Bug #20289
closedBug in Zlib::GzipReader#eof? breaks reading certain sizes of gzipped files.
Description
Hello,
A bug in the implementation of Zlib::GzipReader#eof? makes it very difficult to read certain rubygems using readpartial without receiving an EOFError.
The bug is caused when the chunk size read from the gzip leaves only empty gzip "overhead" bytes at the end of the unread portion.
The result is that a simple readpartial until eof?
fails on some real world gems.
Bug Explanation¶
Imagine a gzip file, it has compressed data and some bytes that indicate the start and end of a chunk and then end of a file.
gzip file = "[... 2048 chunk of gzip data ...][ \0 bytes, chucksum info, with no new readable bytes ]"
When reading this file, zlib.c will pull a chunk of data according to READ_SIZE and return that data uncompressed.
With exactly the right size of data (within exactly the range of READ-SIZEn - 24 to READ_SIZEn - 15 for any multiple of READ_SIZE) all of the file data is read and returned on the first read.
The bug happens when there are bytes remaining on the gzip file that haven't been read, but contain no new data that can be returned to the buffer.
Before reading the final empty chunk, #eof? returns false.

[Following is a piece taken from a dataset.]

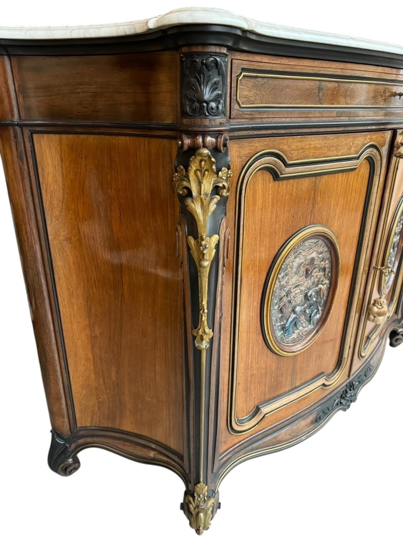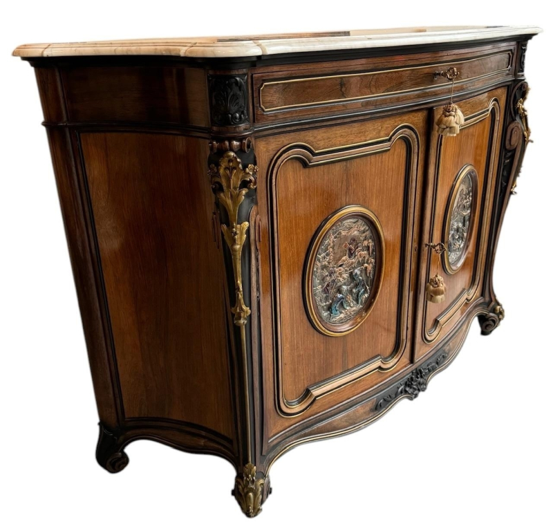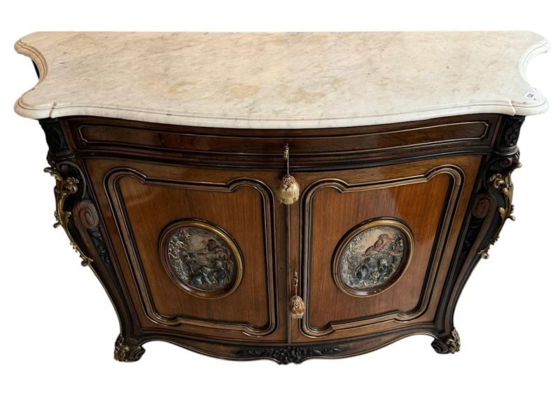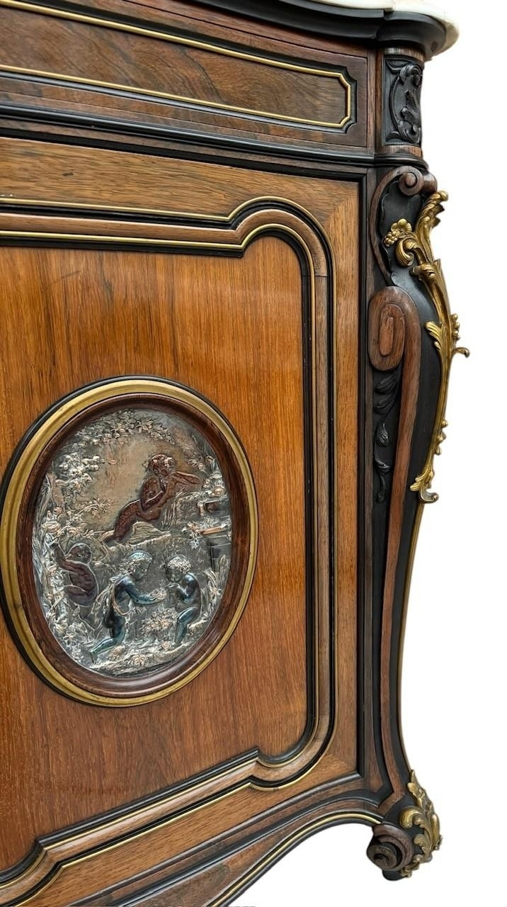 The serpentine marble tops above a single drawer and a pair of panelled doors set with oval silvered plaques decorated with putties in a landscape, above a shaped apron carved with flowerheads, raised on scrolling feet the plaques signed ‘CHRISTOFLE’, the back panel ink stamped ‘Guignard’, cabinets attributed to Grohé Frères.

After reading the final chunk, EOFError is raised because no bytes were returned into the buffer.
What should happen is similar to how a Socket eof? is checked. On a socket, #eof? is not "passive" but actively reads ahead, filling the buffer. If that read-ahead fails to find new data, then the EOF is reached and eof? returns true.
In zlib, #eof? does not read ahead to check if the end has been reached, causing this bug.
Solution¶
Samuel Giddins and I have both submitted alternate, but very similar solutions for this bug. Samuel's PR and My PR. We'd leave it to ruby core to decide which is the best solution.
Unfortunately, these bug fix PRs have been waiting for more than 2 months now with no movement on fixing this bug.
The original issue that I opened to point out this bug was submitted Aug 16, 2023. We've been working to find a solution for this bug for more than half a year.
This bug was discovered because rubygems wanted to improve the efficiency of reading a gem by using readpartial to conserve memory. Sam submitted an additional PR that vastly improves the performance of the zlib gem by managing buffers better.
We've already proven that this dramatically decreases memory usage when parsing gems. The performance PR by Samuel has been open since September 13th, 2023.
Plea¶
We've been trying for months to get this solved. Opening a ruby-lang bug is my next attempt after communicating through our contacts at Ruby core has gone nowhere.
Please merge and release these fixes, or tell us what is wrong with them so we can fix them so they can be merged. It will improve rubygems for everyone.